El 22 Angelelli presidió el sepelio en Chamical, al que no asistió ningún otro obispo,
y pronunció una emocionante oración. Sin embargo, el crimen no se conoció en la
capital de la provincia porque se prohibió la publicación de la noticia. Ante la
información de otras muertes escribió “Varios tienen que morir, y entre ellos yo.” “En
cualquier momento me van a barrer. Pero no puedo esconder el mensaje debajo de
la cama”, y se fue a Córdoba donde se entrevistó con monseñor Primatesta y el
Señor de la Guerra de la Zona III, Luciano Benjamín Menéndez, quien tuvo la
delicadeza de advertirle que tenía que cuidarse mucho. En su regreso a La Rioja
con documentos probatorios de los asesinatos de Longueville y Murias se detectó
la presencia de hombres merodeando su residencia. El 4 de agosto en Punta de los
Llanos un Peugeot blanco, con la colaboración de una camioneta, lo obligó a
realizar una mala maniobra que provocó el vuelco de su vehículo. El sacerdote
Arturo Pinto, que lo acompañaba, perdió el conocimiento, pero salvó la vida.

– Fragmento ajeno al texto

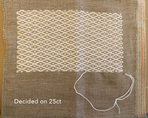 This pair of short stays is much like what ladies would have worn in the Regency era but with a cultural twist. The outer layer of linen will be embroidered in a traditional koginzashi pattern. As an undergarment which will be worn multiple times, the surface of the stays is an excellent place to apply koginzashi - a counted embroidery technique used by the feudal working class of Japan to both reinforce areas of wear as well as add warmth and thickness to thin linen garments

Angelelli fue encontrado a veinticinco metros del lugar del choque con huellas de
que había sido arrastrado y muerto de un golpe en la nuca.5
Al entierro de Angelelli asistieron el nuncio y diez obispos, y habló monseñor
Zaspe. No obstante, la posición oficial de la Iglesia coincidía con la del cardenal
Aramburu, quien afirmó tiempo después: “Para hablar de crimen hay que probarlo y
yo no tengo ningún argumento en ese sentido. De las averiguaciones que se
hicieron ninguna daba la posibilidad de que hubiera sido ser eso que se rumorea.”
No se pensaba igual en Roma, donde el cardenal Eduardo Pironio decía que la
Santa Sede no tenía dudas, y estaba esperando la palabra de la Conferencia
Episcopal Argentina para hablar.
En febrero de 1983, el ex agente arrepentido Rodolfo Peregrino Fernández dijo
haber visto en el escritorio del ministro Harguindeguy el maletín de Angelelli con la
documentación sobre Longueville y Murias. A su vez, quien fuera ministro de
Defensa de Isabel Perón, José Deheza, contó en su declaración en el juicio a las
juntas militares: “Un día fui a ver a Harguindeguy para pedirle por unos compañeros
peronistas. Sonó el teléfono y su cara se iluminó con una sonrisa. Cuando colgó me
dijo: ‘El obispo Angelelli acaba de morir en un accidente.’”
Tuvo que pasar mucho tiempo de su asesinato para que el Estado Nacional, por un
lado, y la Iglesia Católica por el otro produjeran el reconocimiento de la criminalidad
del hecho. El primero ha declarado día de duelo nacional y realizará un acto de
recordación en la Casa Rosada el 4 de agosto, al tiempo que la incorporación de
nuevos testimonios activarán el juicio por el crimen. El obispo de La Rioja anunció
que se está realizando el aporte de documentos necesarios por parte de la iglesia
local para colaborar con el esclarecimiento, mientras que el presidente de la
Conferencia Episcopal, cardenal Jorge Bergoglio, estará al frente de la comisión de
purpurados que el mismo 4 rendirán homenaje en la capital riojana.